Green’s Dictionary of Slang

metallician n.

[their stock-in-trade, metal coins]

(Aus.) a bookmaker.

[UK]Bell’s Life in London 27 Jan. 4/2: Virgilius, Kilims, and Forester, names already familiar to the metallicians, and which [...] will often be pencilled down.
[UK]Sportsman (London) 12 Feb. 5/5: A well-known Yorkshire metallician called out ‘I’ll bet you 50l. to nothing, John’.
[Aus]Herald (Melbourne) 21 May 2/6: They Say [...] That the man who would book a double [...] should say to the metallician who books his bet, ‘Write me down an ass’.
[Aus]Bulletin (Sydney) 26 Sept. 5/3: ‘Better get shorn,’ remarked one rising metallician: ‘I’ll buy the fleece.’ ‘Thanks,’ replied the meek young man; ‘when I want to be fleeced this is the shed I will come to.’ And as he passed on the books thought that they had not ‘skinned the lamb’ that time.
[UK]Yorks.
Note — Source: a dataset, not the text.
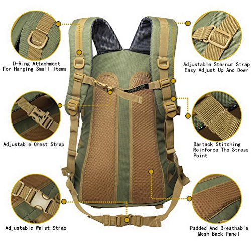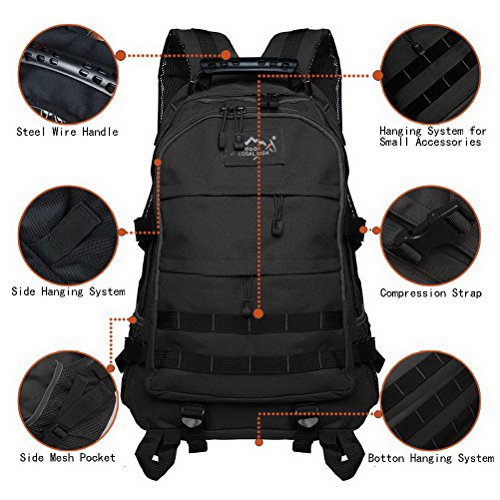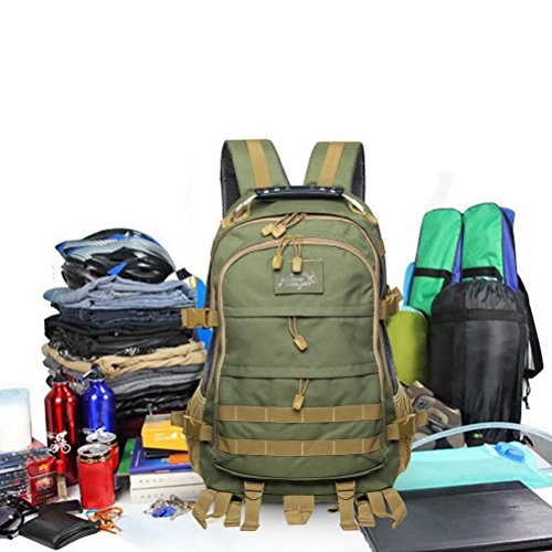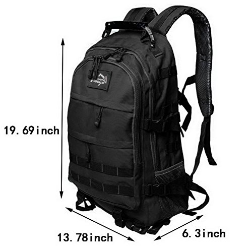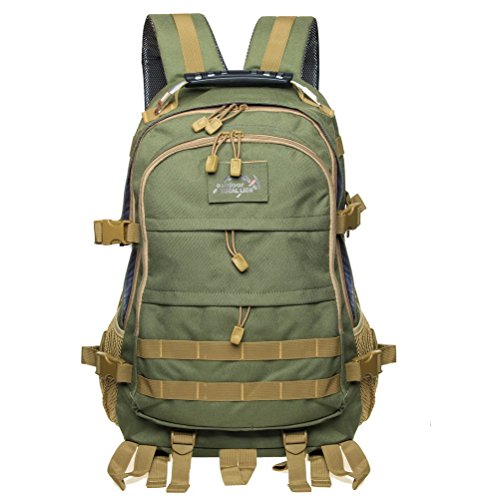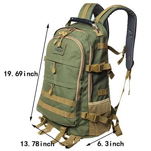 -. Binding : Misc. -. Brand : PioneerHiker -. Department : Mens -. Feature : 1.MATERIAL: Water Resistant Polyester. / 2.PRODUCT DETAILS: Capacity: 40L; Dimensions: 19.69*13.78*6.69inch(50*35*17cm);Weight: 2.38 lbs (1.08kg). / 3.MOLLE SYSTEM: You can take your needed gears easily and organized freely! Small items will be no longer a problem. / 4.BOTTOM HANGER: Bottom straps design - you could hanger your tent,sleeping bag, moistureproof mat. / 5.MAIN COMPARTMENT: Inner elastic pouch make it possible to take your laptop with you.The zipped access to the main compartment can up zip all the way down to the bottom,and give you an concenient way to store your gears. -. IsAutographed : 0 -. IsMemorabilia : 0 -. Label : PioneerHiker -. Manufacturer : PioneerHiker -. ProductGroup : Sports -. ProductTypeName : SPORTING_GOODS -. Publisher : PioneerHiker -. Studio : PioneerHiker -. Title : PioneerHiker Military Camo Backpack Tactical Backpacks for Hunting Camping Hiking Trekking
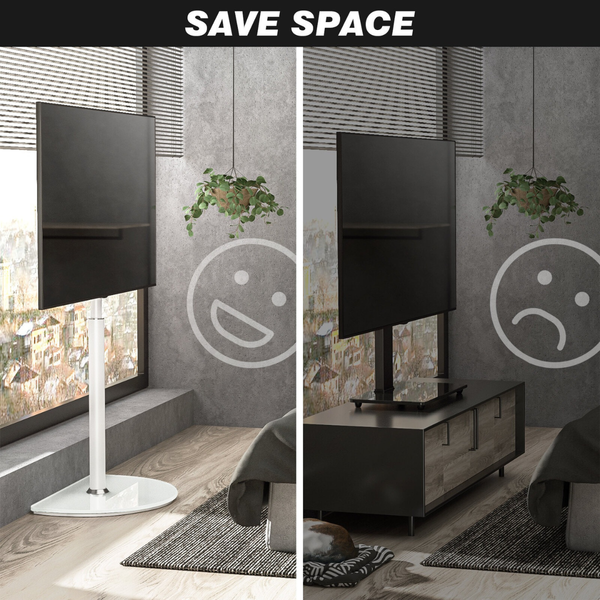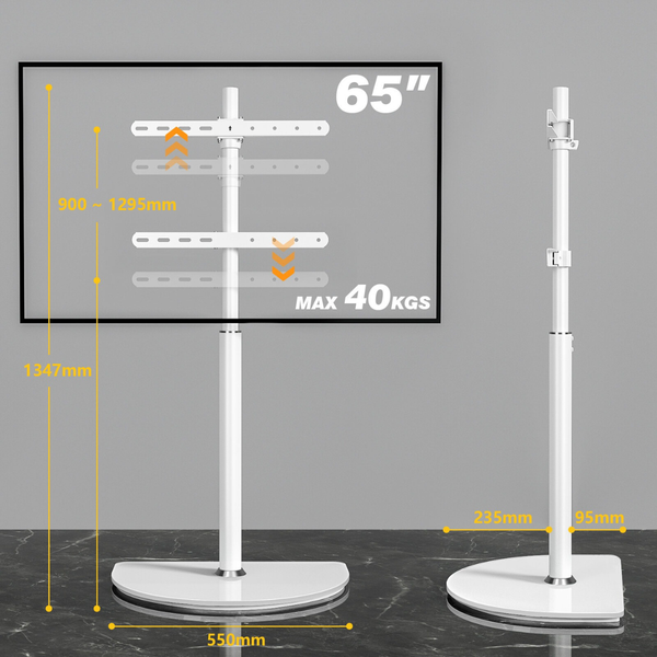 This Floor TV Stand is a sleek and space-saving solution designed to hold TVs from 32 to 65 inches. Built with durable alloy steel and a semi-circular tempered glass base, it offers strong support and a modern minimalist look that fits perfectly in living rooms, bedrooms or offices. The stand supports VESA mounting patterns from 100×100mm to 400×400mm and can hold TVs up to 40 kg (88 lbs).

Herald 16 May 8/1: Language more terse than polute rolled out of the metallician.
[Aus]Dead Bird (Sydney) 14 June 1/3: Our friendly metallician retired into a corner of the refreshment room and wept bitterly.
[UK]E.S. Mott Mingled Yarn 315: [He] entrusted an obliging and leathern-lunged ‘metallician’ with half a sovereign.
[Aus]Sydney Sportsman (Surry Hills, NSW) 14 Nov. 1/2: A jockey [...] is as honest as most of the metallicians.
[UK]E. Spencer Cakes & Ale 100: A well-known magnate of the betting ring [...] hunts up the chef, and sheds upon him a ‘fiver’ or a ‘tenner’ [...] And that metallician and his party are not likely to starve.
[Aus]A.B. Paterson Saltbush Bill, J.P. [book] The Rabbi so elderly, grave, and patrician, / Had been in his hot youth a bold metallician.